## Work to be completed
Reproduce everything from the line that contains "This top is" down to the line that contains "Rustic Elegance Queen" in the listing below, word for word and nothing more. Leave the pictures out.

## Supplied records
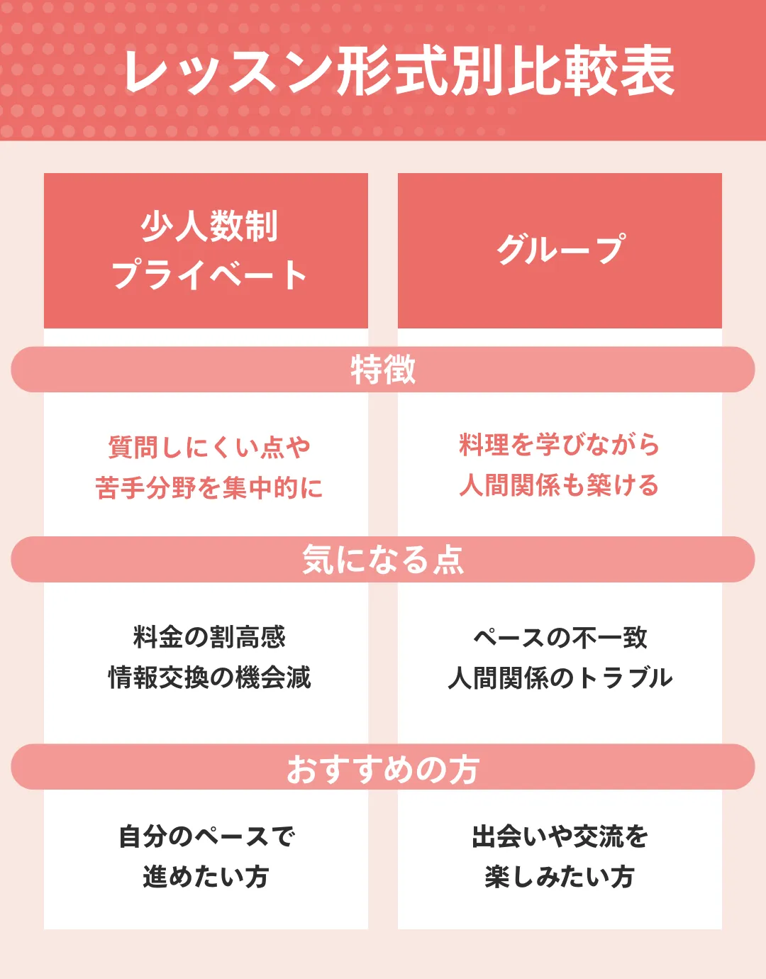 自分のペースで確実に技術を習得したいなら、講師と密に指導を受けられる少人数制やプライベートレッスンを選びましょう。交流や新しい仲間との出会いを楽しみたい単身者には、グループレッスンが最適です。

==

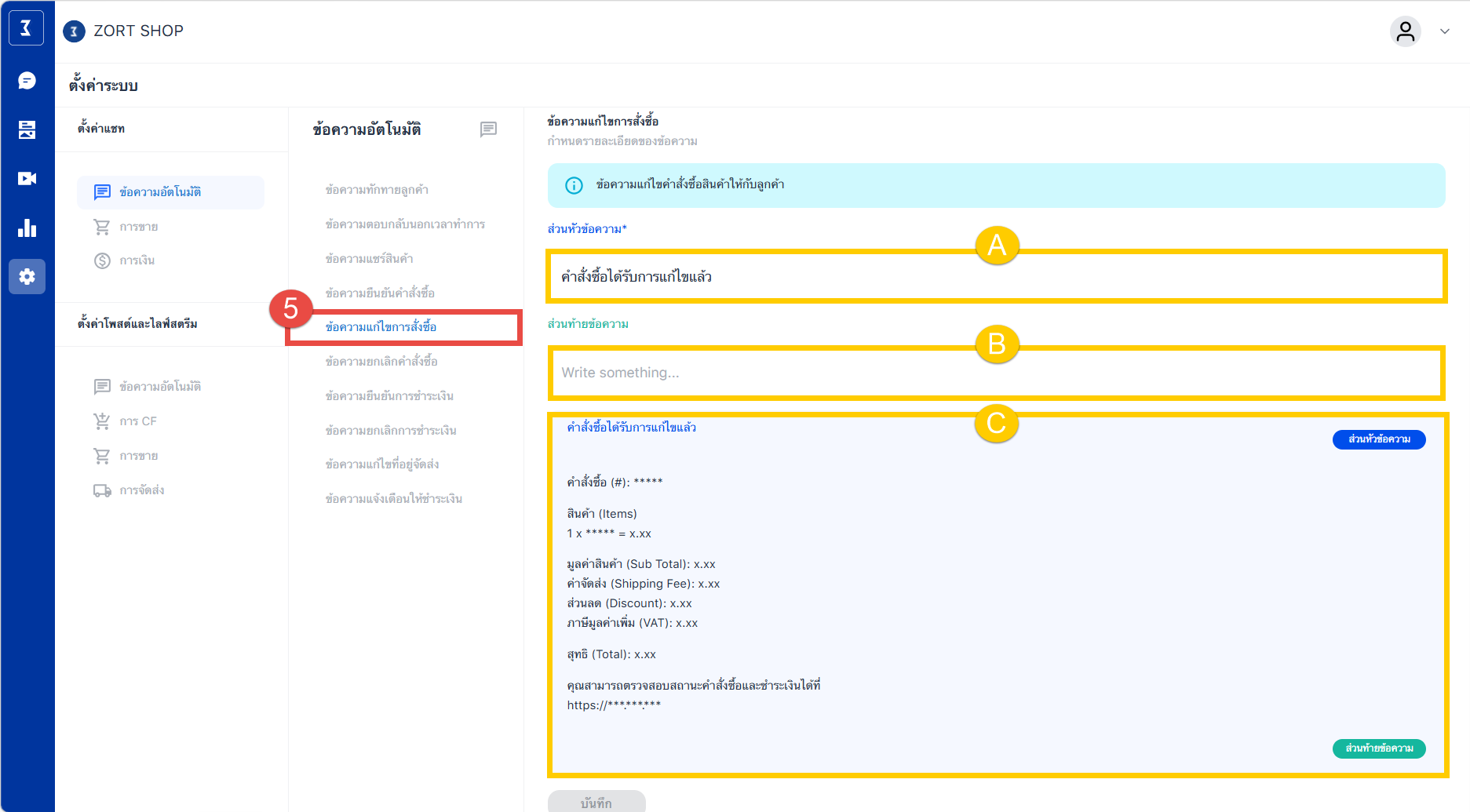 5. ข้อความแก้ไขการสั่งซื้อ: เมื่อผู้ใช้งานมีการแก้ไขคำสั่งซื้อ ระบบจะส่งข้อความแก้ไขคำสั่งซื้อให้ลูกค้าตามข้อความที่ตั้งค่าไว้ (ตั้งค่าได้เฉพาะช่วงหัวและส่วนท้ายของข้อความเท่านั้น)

* * *

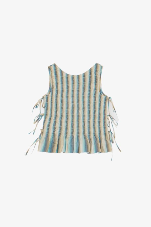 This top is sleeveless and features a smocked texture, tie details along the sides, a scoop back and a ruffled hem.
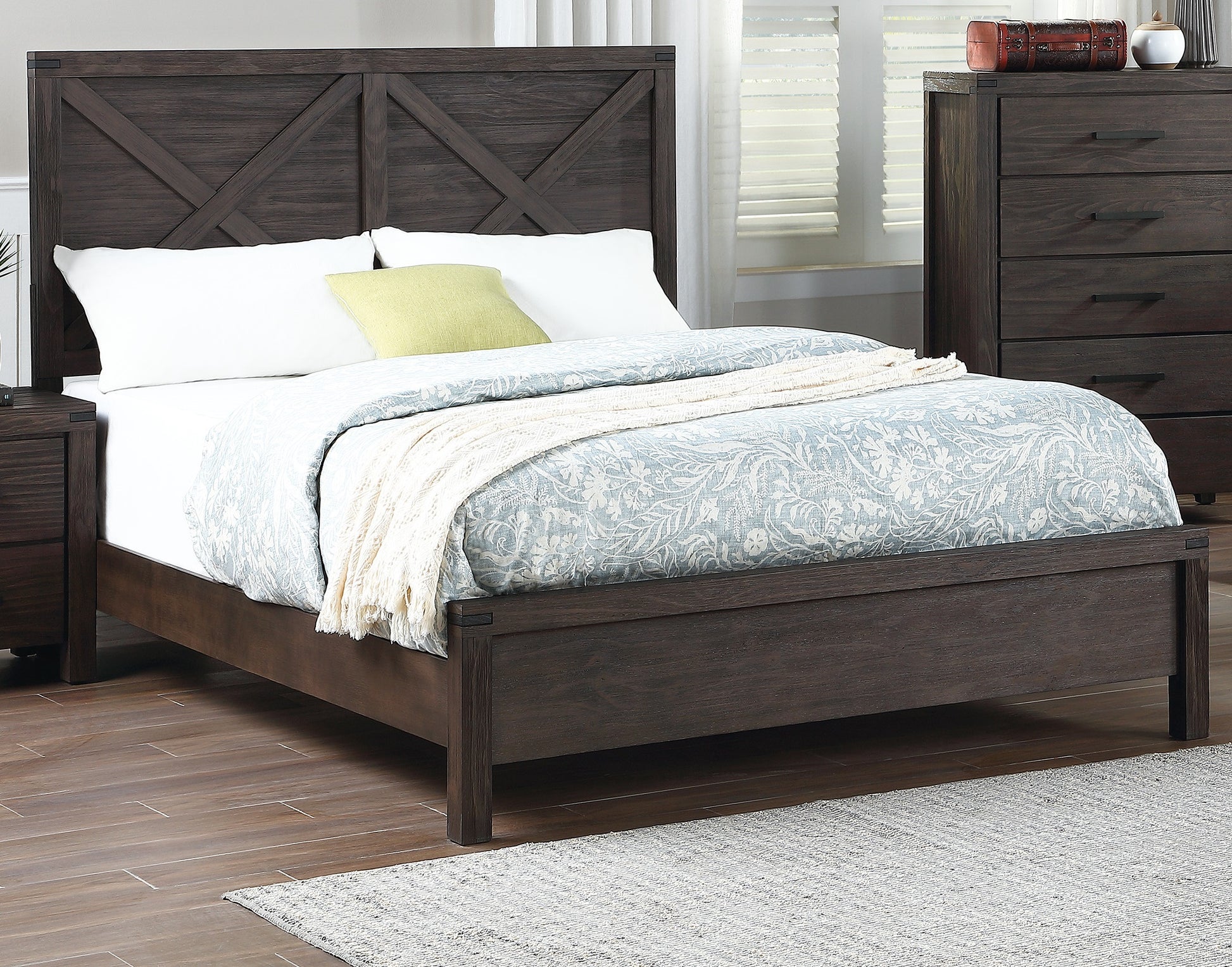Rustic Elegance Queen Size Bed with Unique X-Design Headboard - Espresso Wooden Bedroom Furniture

## Exercise output
 This top is sleeveless and features a smocked texture, tie details along the sides, a scoop back and a ruffled hem.
Rustic Elegance Queen Size Bed with Unique X-Design Headboard - Espresso Wooden Bedroom Furniture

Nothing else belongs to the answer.